Я считаю, что в постсоветское время Н. Михалков блистательно себя проявил как
публицист, его передачи «Бесогон» всегда смотрю с
большим интересом и часто разделяю его точку зрения.
* * *
…Отдельный разговор — мультипликация.
Советские мультфильмы. Невероятное количество шедевров!
«Чебурашка», «Малыш и Карлсон», «Винни-Пух», «Фильм,
фильм, фильм», «Ограбление по…», «Маугли», «Ну,
погоди!», «Каникулы Бонифация», «Бременские
музыканты», «Жил-был пес», «Шайбу-шайбу», «Ежик в тумане», «Пластилиновая
ворона», «Петя и Красная шапочка», «Аленький цветочек», «Золотая антилопа»,
«Приключения Мурзилки», «Дядя Стёпа — милиционер», «Как
казаки в футбол играли…», «Веселая карусель» (серия мини-мультфильмов)…
Это кинематограф с большой буквы!
Была индустрия мультипликационного искусства — высокого, подлинного,
неповторимого.
А что сейчас?
«Маша и Медведь»… Что еще?
Уничтожение нации начинается с детства. Если дети не смотрят хорошие
мультфильмы… Даже думать страшно на эту тему.
В целом, по моему глубочайшему убеждению, советское кино и мультипликация были
намного интереснее, чем сейчас.
СОЦИАЛИЗМ. КАПИТАЛИЗМ. ЛИТЕРАТУРНЫЙ ПРОЦЕСС
Я начал печататься в 1981 году, в Тамбове, где учился в Педагогическом
государственном институте на факультете иностранных языков. В нашу институтскую
многотиражку «Народный учитель» мои стихи отнес поэт Сергей Евгеньевич Бирюков,
с которым я был хорошо знаком, и редактор Лариса Кузнецова их напечатала.
Публиковался я под псевдонимом Евгений ИС.
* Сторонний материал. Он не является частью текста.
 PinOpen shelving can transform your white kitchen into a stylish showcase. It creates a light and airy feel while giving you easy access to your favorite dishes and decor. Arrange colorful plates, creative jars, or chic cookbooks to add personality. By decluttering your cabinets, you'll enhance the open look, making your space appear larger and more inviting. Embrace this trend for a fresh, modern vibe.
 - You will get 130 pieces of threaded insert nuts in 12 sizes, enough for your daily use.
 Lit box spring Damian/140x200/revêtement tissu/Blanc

В 19 лет я уже широко печатался в тамбовских центральных изданиях — в газете
«Комсомольское знамя» (орган обкома ВЛКСМ) и в «Тамбовской правде» (орган
обкома КПСС), а также в районной газете «Трудовая новь» (газете Рассказовского горкома КПСС).
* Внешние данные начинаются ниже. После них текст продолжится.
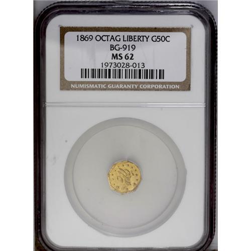 1869 50C Liberty Octagonal 50 Cents, BG-919, R.4, MS62 1869[50C] Liberty Octagonal 50 Cents, BG-919,
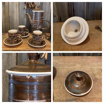 素朴なたたずまいのコーヒーポットが届きました【43-314B】イギリスではなじみのある細長い形のポットです。この形状から花瓶として使う方も多いですよ。1956年にデビット・シャープとジョージ・グレイで創立。1980年代まで多くの製品で成功を収めましたが惜しまれつつ2007年に閉鎖されました。こちらのシリーズは欧州で人気がありコレクター間で高く評価されているそいうです。1960年代、イギリス製。持ち手の上にあるフチに4㎜ほどのカケがあるので価格に反映させてあります。福岡市南区の店舗にてお渡しもできますのでお気軽にどうぞ!
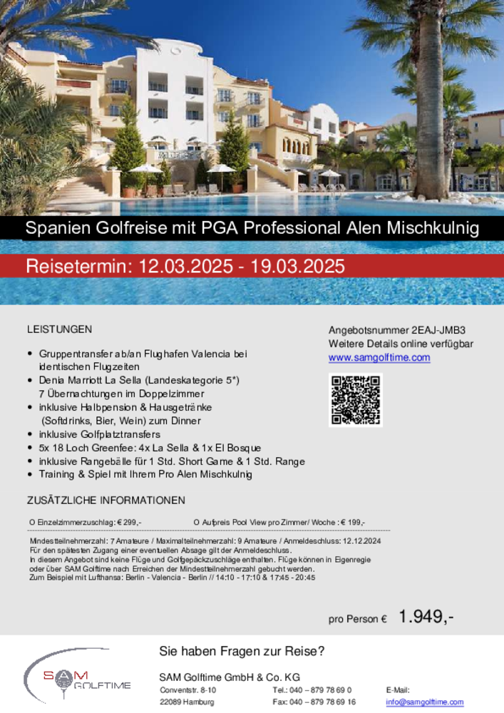 Vom 12. bis 19. März 2025 nimmt Sie unser Golflehrer Alen Mischkulnig auf eine weitere Reise mit nach Spanien.
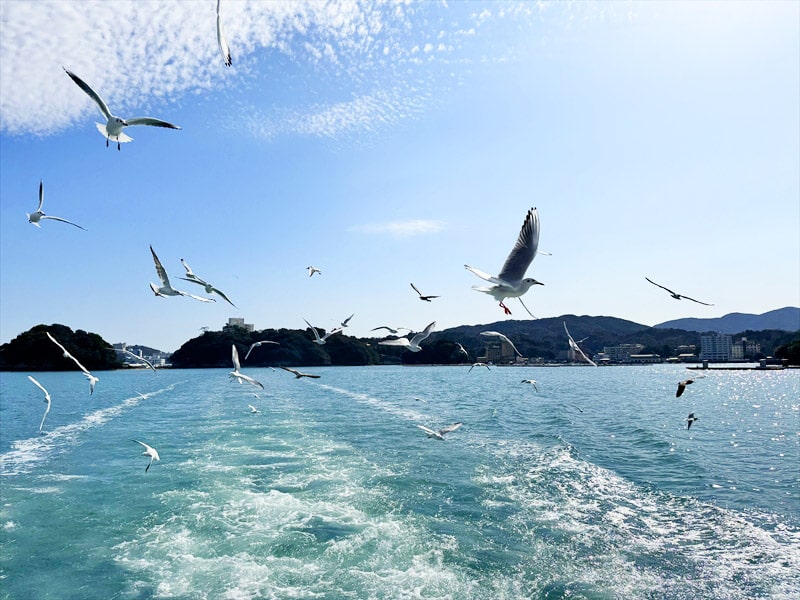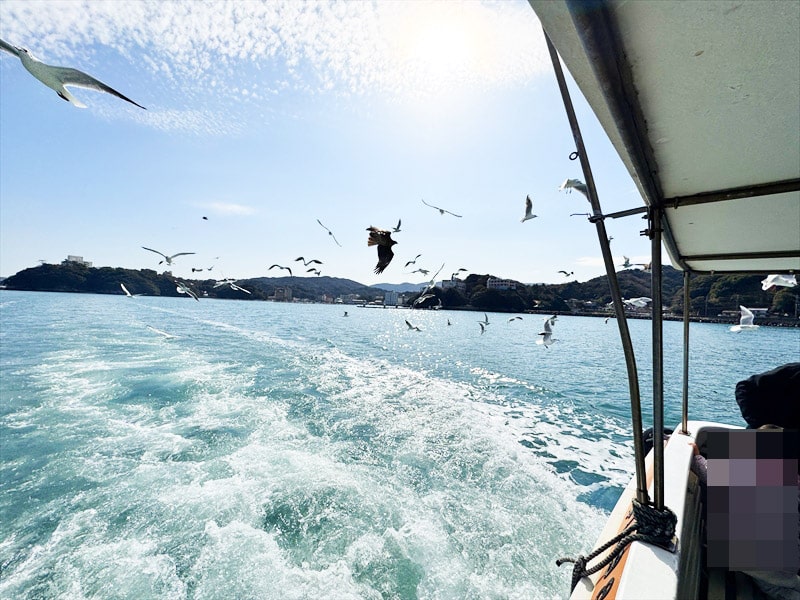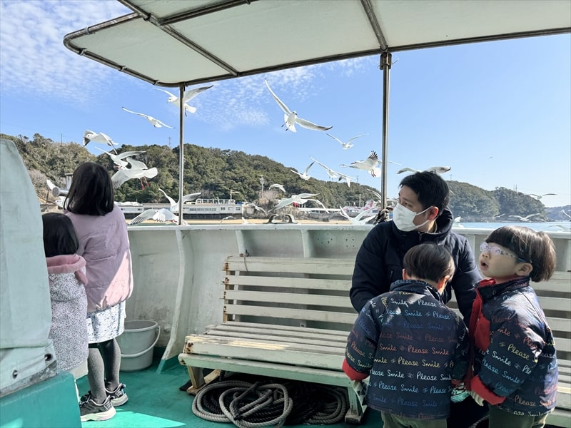 プライベートチャーター船のデッキでのカモメへのエサやりは、子供はとても楽しかったと言っていましたので鳥羽での半日観光ではお勧めです。
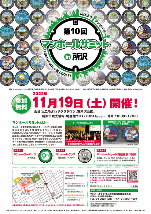 第10回となる今回は、「COOL×COOL=超COOL?!」をテーマに、下水道施設跡地に建設されたクールジャパンの拠点「ところざわサクラタウン」をメイン会場として、COOLなマンホール蓋の魅力を伝えていく。
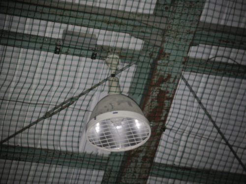 古い水銀灯は器具の背も高くボール避けのネットから突き出していました。
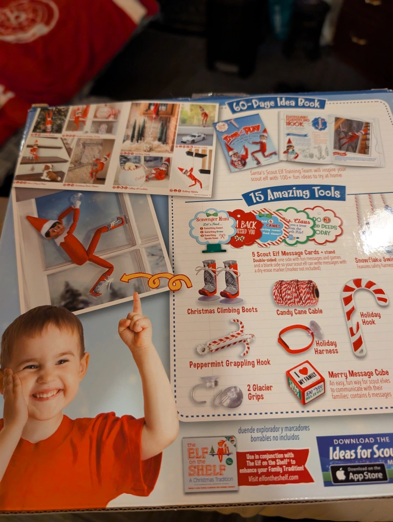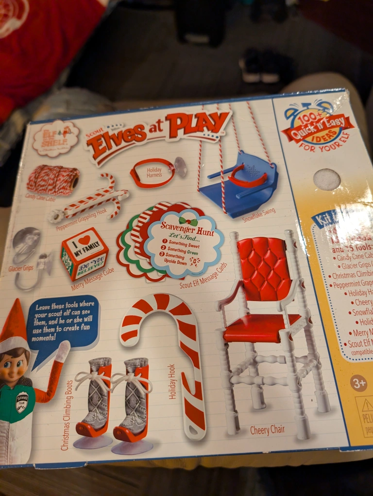 407Get ready for some fun with the Elf on the Shelf: Elves at Play kit! This kit includes a variety of accessories to create fun moments with your scout elf. It comes with: - Christmas Climbing Boots - Candy Cane Cable - Holiday Hook - Peppermint Grappling Hook - 2 Glacier Grips - Merry Message Cube - Scout Elf Message Cards - Snowflake Swing - Cheery Chair - Holiday Harness It also includes a 60-page idea book to inspire your scout elf with 100+ fun ideas to try at home
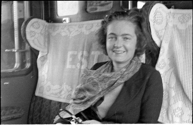 [Felicia Marsh waiting with unidentified man and woman at train station.]

В Тамбовской периодике я печатал заметки о местной культурной жизни, рецензии
на книги, переводы стихов поэтов народов СССР. Мои собственные стихи тамбовские
областные газеты не печатали. В районной рассказовской
газете «Трудовая новь» меня публиковали постоянно, в том числе как стихотворца.
В «Трудовой нови» работал замечательный журналист (мой
наставник) Валерий Васильевич Артюшин, кстати говоря, автор журнала «Наш
современник», и он публиковал мои стихи, переводы из французской поэзии,
очерки, статьи на всевозможные темы.
В «Комсомольском знамени» мне за небольшую заметку платили 3 рубля, а в
«Тамбовской правде» — 10 рублей. В «Трудовой нови» — по 2-3 рубля за материал.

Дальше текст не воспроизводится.